Government Code section 87202, subdivision (a)
Before a private person can file a civil action under section 91004, he "must first file with the civil prosecutor a written request for the civil prosecutor to commence the action." (§ 91007, subd. (a).) Neither Flores's complaint nor the record on appeal show that Flores complied with section 91007.
IV. FLORES FAILED TO REQUEST THE TRIAL COURT'S PERMISSION TO SEEK INJUNCTIVE RELIEF WITHOUT FIRST FILING A COMPLAINT WITH THE FAIR POLITICAL PRACTICES COMMISSION
Flores alleges that Colon failed to disqualify himself from hearings before the planning commission that adversely effected Flores's competing business. Flores further alleges that Colon used his position on the planning commission to purchase city property "for far below fair market value" and to obtain exemptions from city business ordinances including the required number of parking places and building color requirements. Flores contends that Colon's conduct violates section 87100 which prohibits a government official from using his official position to influence a government decision in which he has a financial interest. A violation of section 87100 may expose the government official to a civil penalty (§ 91005, subd. (b)) and injunctive relief (§ 91003, subd. (a)).

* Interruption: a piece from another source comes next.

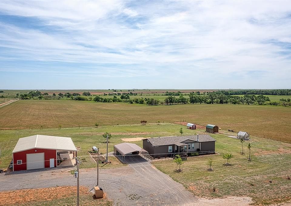 HOME and SHOP on 30 ACRES MOL. Spacious 2040 sq. ft. SOLITAIRE manufactured home was placed on a full 6" concrete pad. With 3 bedrooms, 2-1/2 baths, the open floor plan combines the living room, dining area and kitchen. There is a 10x8 covered porch on the front entrance and a 12x25 covered deck on the back. To protect your vehicles from Oklahoma storms is a 22x35 metal carport with storage area.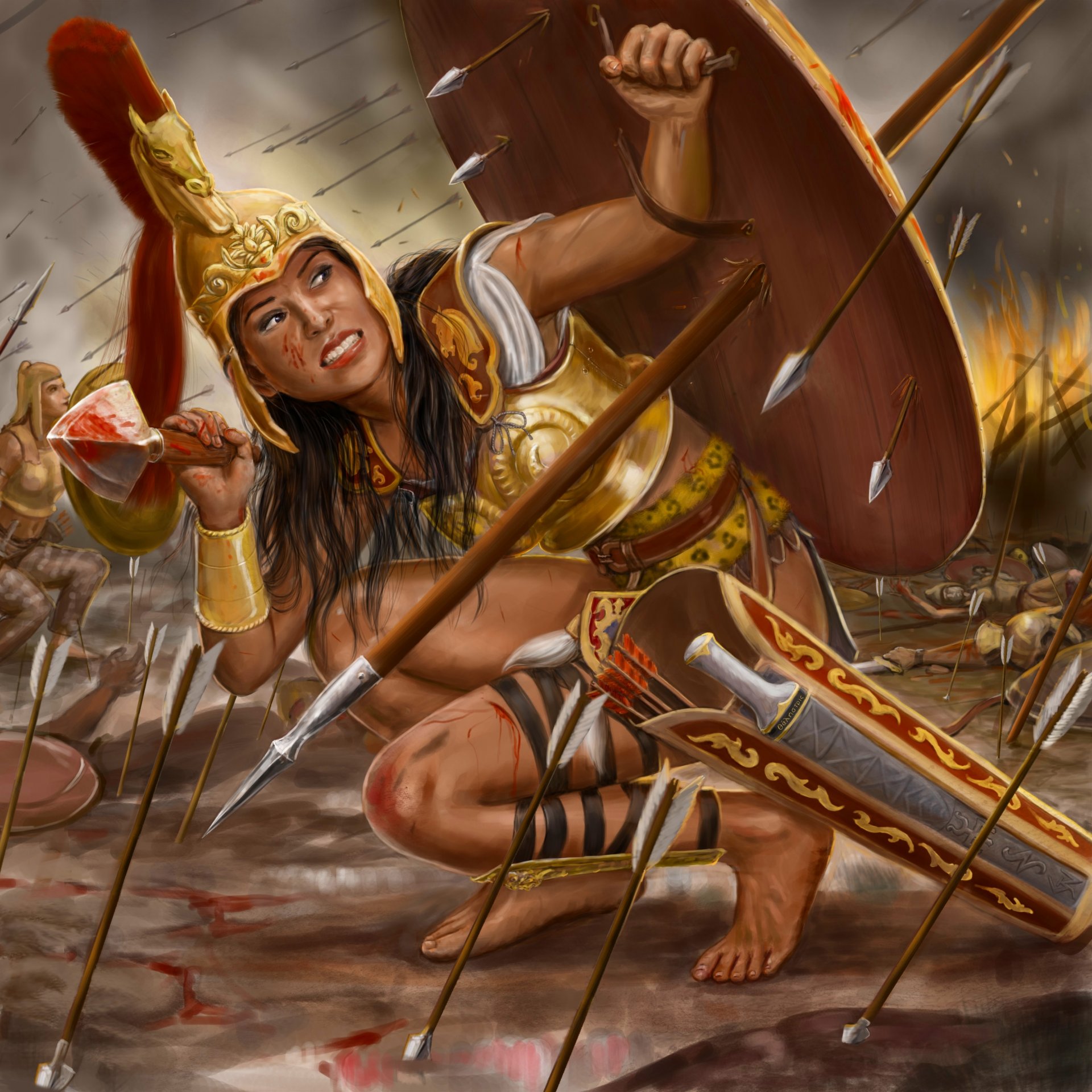 thalestris amazonas chica pintura guerra armadura escudo lanza flechas fuego

Before a private person can bring an action for a civil penalty under section 91005, subdivision (b), however, he must first file with the civil prosecutor a written request for the civil prosecutor to commence the action just as in the case of failure to file a financial statement discussed above. (§ 91007, subd. (a).) A different requirement applies to a private person seeking injunctive relief regarding an official's conflict of interest. When injunctive relief is sought, the plaintiff must seek the trial court's permission to proceed with the complaint without first filing a complaint with the Fair Political Practices Commission. (§ 91003, subd. (a).) As previously discussed, Flores's complaint does not allege, and the record does not show, compliance with section 91007, subd. (a)—a request that the civil prosecutor commence an action. Therefore, he cannot seek a civil penalty for Colon's alleged conflict of interest. Flores also failed to request the trial court to exercise its discretion under section 91003, subdivision (a) as to whether Flores should be required to file a complaint with the Political Practices Commission. Therefore, he cannot seek injunctive relief under section 91003, subdivision (a).
V. FLORES'S CAUSE OF ACTION FOR INTENTIONAL INFLICTION OF EMOTIONAL DISTRESS FAILS BECAUSE DEFENDANTS' ALLEGED CONDUCT IS NOT "EXTREME AND OUTRAGEOUS" AS A MATTER OF LAW
A cause of action for intentional infliction of emotional distress requires "`extreme and outrageous conduct'" by the defendants. (Davidson v. City of Westminster (1982) 32 Cal.3d 197, 209.) To be outrageous, conduct "must be so extreme as to exceed all bounds of that usually tolerated in a civilized community." (Ibid.) A court may determine as a matter of law whether the facts pled in a complaint meet that requirement. (Id. at p. 210.) Selective enforcement of city ordinances against Flores does not, as a matter of law, rise to the level of such extreme malfeasance "as to exceed all bounds of that usually tolerated in a civilized community." (Ibid.)
The judgment is reversed as to the cause of action for violation of civil rights. In all other respects the judgment is affirmed. Each party to bear its own costs on appeal.
MALLANO, P. J. and CHANEY. J., concurs.